A Erica le saltaba el corazón de alegría al ver sonreír a Anna. Hacía tanto tiempo desde la última vez… Desde que advirtió en los ojos de Anna algo distinto de aquella mirada triste y abatida. Miró a Dan llena de gratitud. Cuando le pidió que viniese a hablar con Anna, no tenía la certeza de estar haciendo lo correcto, pero sí la sensación de que, si alguien podía sacarla de su letargo, sería Dan. Erica llevaba varios meses intentándolo, pero al fin comprendió que ella no podría derribar el muro tras el que se había parapetado su hermana.

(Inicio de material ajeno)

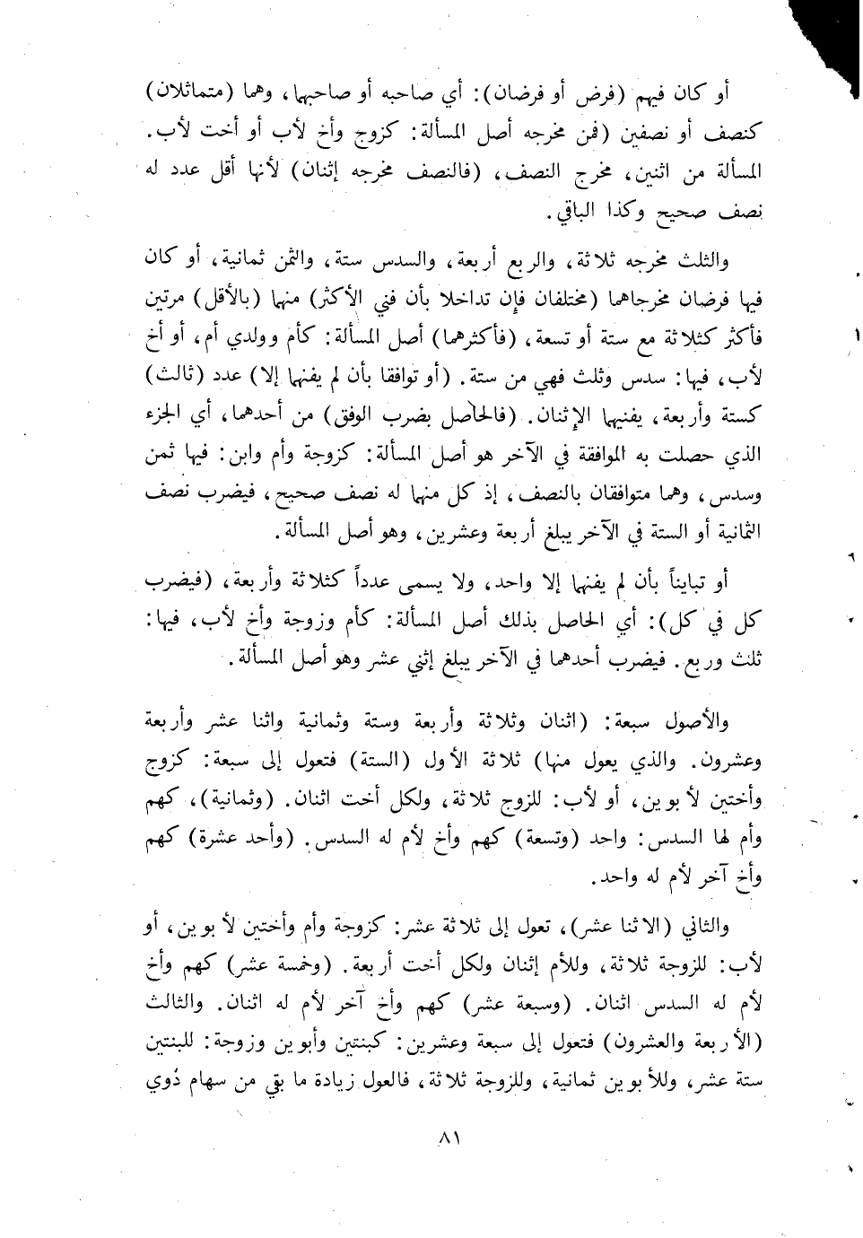 وَالْأُصُول سَبْعَة اثْنَان وَثَلَاثَة وَأَرْبَعَة وَسِتَّة وَثَمَانِية وَاثنا عشر وَأَرْبَعَة وَعِشْرُونَ وَالَّذِي يعول مِنْهَا ثَلَاثَة الأول السِّتَّة فتعول إِلَى سَبْعَة كَزَوج وأختين لِأَبَوَيْنِ أَو لأَب للزَّوْج ثَلَاثَة وَلكُل أُخْت اثْنَان وَثَمَانِية كهم وَأم لَهَا السُّدس وَاحِد وَتِسْعَة كهم وَأَخ لأم لَهُ السُّدس وَأحد عشرَة كهم وَأَخ آخر لأم لَهُ وَاحِد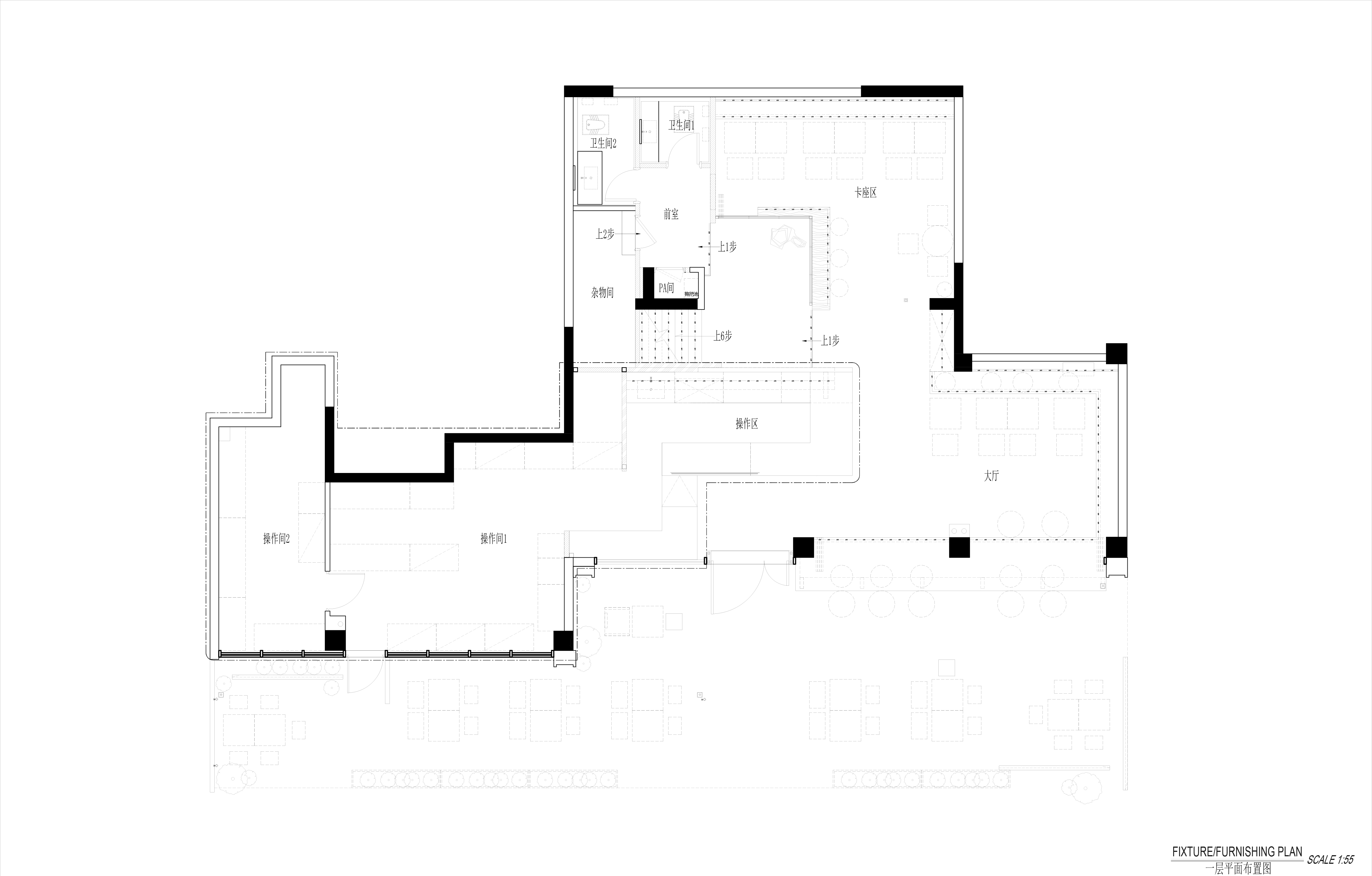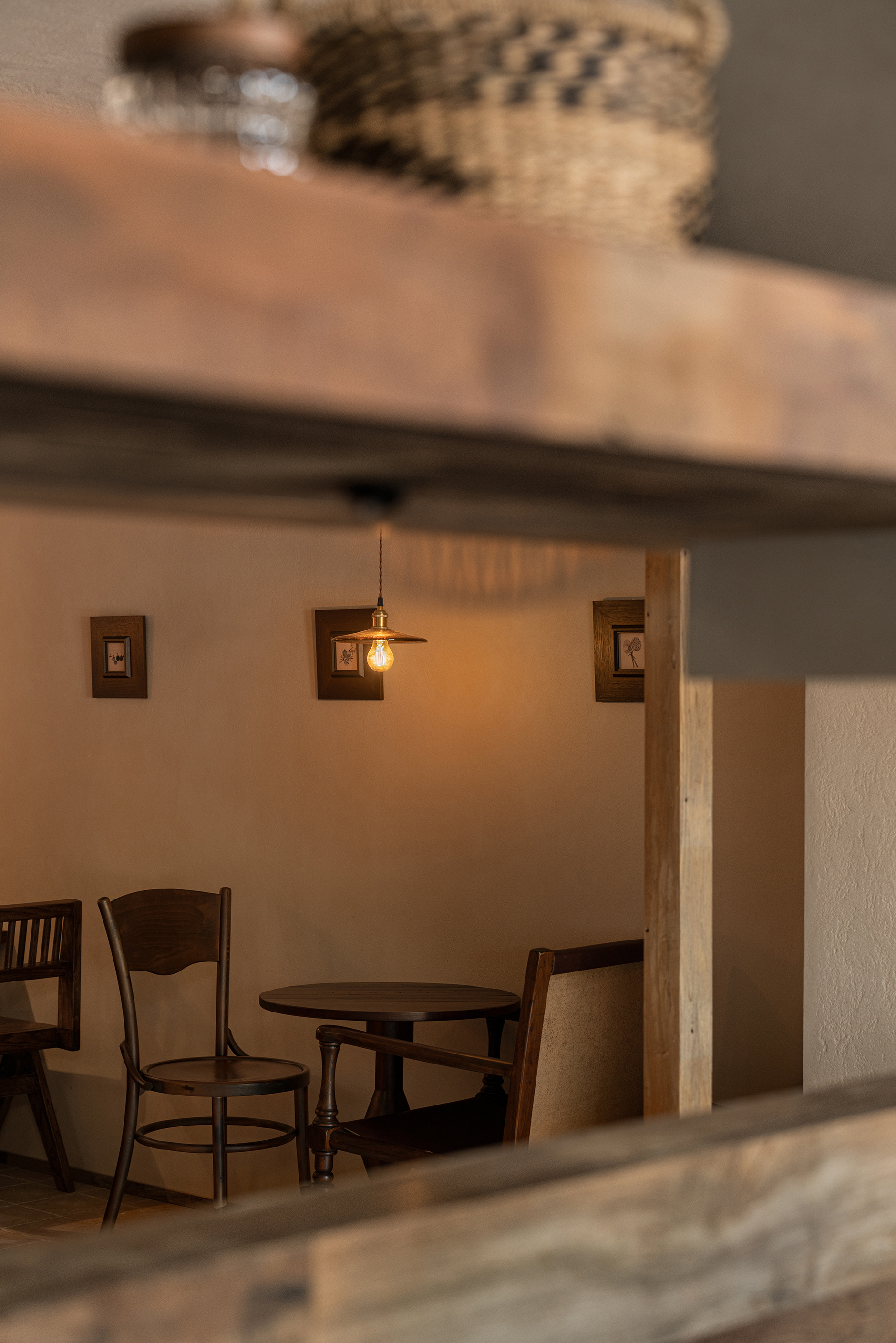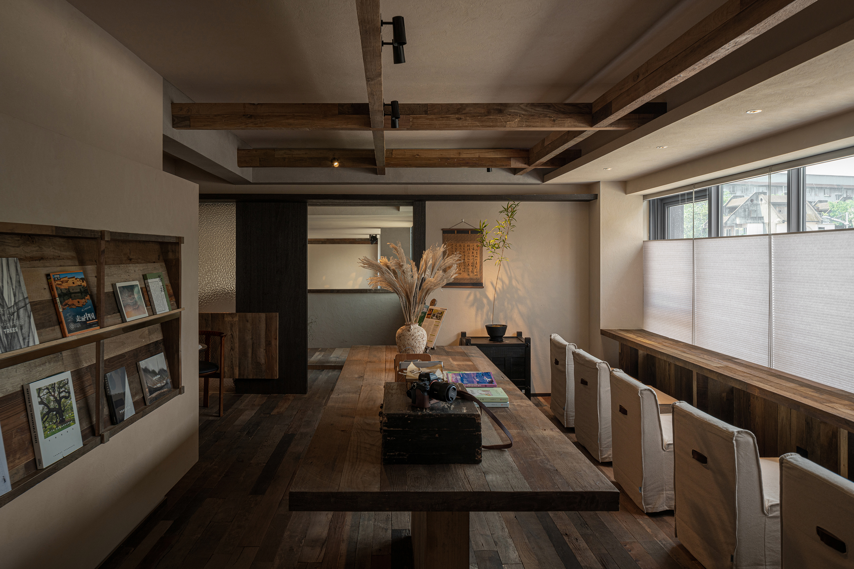 空间布局:本案空间分为两层,一层为售卖吧台和散座区,二层则为舒适的卡座沙发及阅读区。整个空间布局疏朗通透,让光影得以自由流淌,氛围呈现“静”与“凉”。一楼的深挑的檐模糊了内与外的界限,形成一片开放的“灰空间”,孩童在此躲闪夏日急雨,老人倚坐闲话家常,一个有温度的设计从入口就开始呈现。二楼,如同被光影与书架包裹的静谧角落,整面书墙围合出轻阅读的氛围,舒适的沙发对窗而座,成为凭窗远眺的舒适据点。孩子们沉浸绘本,大人享用糖水,邻座间轻声交流,再熟悉的窗景与文字间,共度一段慢时光。

– Dan me preguntó cómo van los planes de la boda, pero he de admitir que no lo sé. Seguro que me lo has contado, pero, por desgracia, yo no he estado muy receptiva. Así que, cuéntanos, ¿cómo lo lleváis? ¿Lo tenéis ya todo reservado y listo? -Anna tomó un sorbo de café y miró a Erica con curiosidad.
Parecía tan joven, tan intacta… Como antes de conocer a Lucas. Erica se obligó a ahuyentar aquel tema. No tenía ganas de estropear el momento pensando en semejante monstruo.
– Pues sí, todo aquello que hay que reservar está en marcha. La iglesia está preparada, y hemos pagado la reserva para la celebración en el Stora Hotel y… bueno, eso es más o menos lo que tenemos listo.